Friday, December 7, 2012

I yelled at by a grumpy lady

I took the kids to their school's holiday book fair at Barnes & Noble on Friday night.  I pulled the van into a rather tight spot, but that's the way it goes.  I opened the door on the passenger side for Tulip and Wolfie to exit.  They know to stay by the side of the van until I come around to their side.  In other words, stand there and don't run into the street.

I was getting Luna out of the driver's side and I could hear a person kind of hollering.  I assumed it was a mom barking orders at her own children as they traverse the busy parking lot.  When I rounded the back of the van, I saw a lady standing there between her car and my van and she said, I quote, "Move it already!  Get out of my way!  I have to get in my car!"

She was yelling at my kids.

So I said, "Hey, why are you yelling at my kids?"

She said, "They're in my way!"

I said, "Well you don't have to yell at them, grumpy lady."

Then she said as we were walking towards the store, "You didn't have to park so close to my car.  You didn't leave me any room..."

I thought, "I parked in the exact center of a pretty tight parking space.  Maybe you are the one who parked crooked..." but that was too many words so instead I said, "Why don't you cheer up a little."

I entered the store, to the aid of a very nice man who said, "Here, let me get the door for you," feeling rather proud of my choice of words in front of my children.  I used "grumpy" and "cheer up" when I could have very well used different sets of words.

But then...gasp...it hit me.  Did I just model very bad behavior?  Did I just show them how to talk back to someone?  I felt like I was defending them and letting them know that the grumpy lady should not have yelled at them like that but couldn't I have just quietly ushered them inside the bookstore and then told them?

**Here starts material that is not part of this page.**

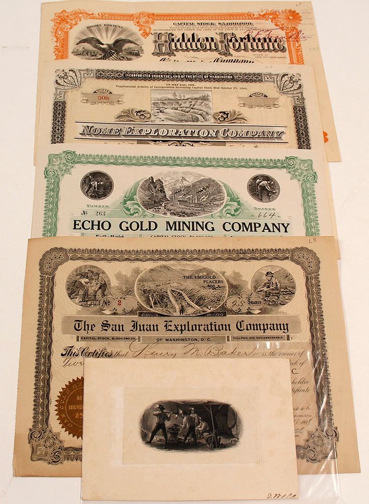 Rare c. 1860 American Bank Note Co. fine steel engraving proof sheet of mining vignette, 4.5" x 6.75". Stocks from San Juan Exploration issued 1908, Echo Gold Mining issued 1923, Nome Exploration u/i, Hidden Fortune Gold Mining issued 1902. Date: Location: HWAC# 56512

So as I began to doubt my perfectness as a mother, I was reminded of a time my friends Jackie and Ann, Melinda and I were visiting.  Jackie and Ann had just recently adopted their 2 1/2 year old son.  Melinda was the experienced mother of the group with daughters age 6 and 8, and I had not begun having children yet.  Jackie and Ann were navigating the world of new motherhood and asked Melinda the rhetorical question, "As a mom, what do you do when some other child is behaving badly toward your own child?  Do you step in and discipline some other mother's child?  Do you wait for that child's mother to step in?"

These are tough questions no matter in what stage of mothering you are.  Melinda, the wise and wonderful, said, "No matter what, I am my child's advocate.  That's my job as a mom.  So if another person is causing some harm to my child, I step in.  Likewise if my child were behaving inappropriately toward another, I would step in."

Sage words, mama.

I decided that grumpy lady needed to be disciplined as she was in the wrong.  Also, it probably wouldn't hurt for her to know that she was acting grumpy.  I mean, really, "cheer up!" is the reminder we all could use during this festive holiday season.

What I'm hoping my children took from this interaction between their mama and a stranger is:
1.  Their mama loves them and will protect them from grumpy people
2.  NOT that the lesson is to talk back at someone, unless they deserve some redirection on behalf of protecting a beloved family member
3.  Most importantly, to have a sense of humor when faced with people like the random grumpy lady in the parking lot.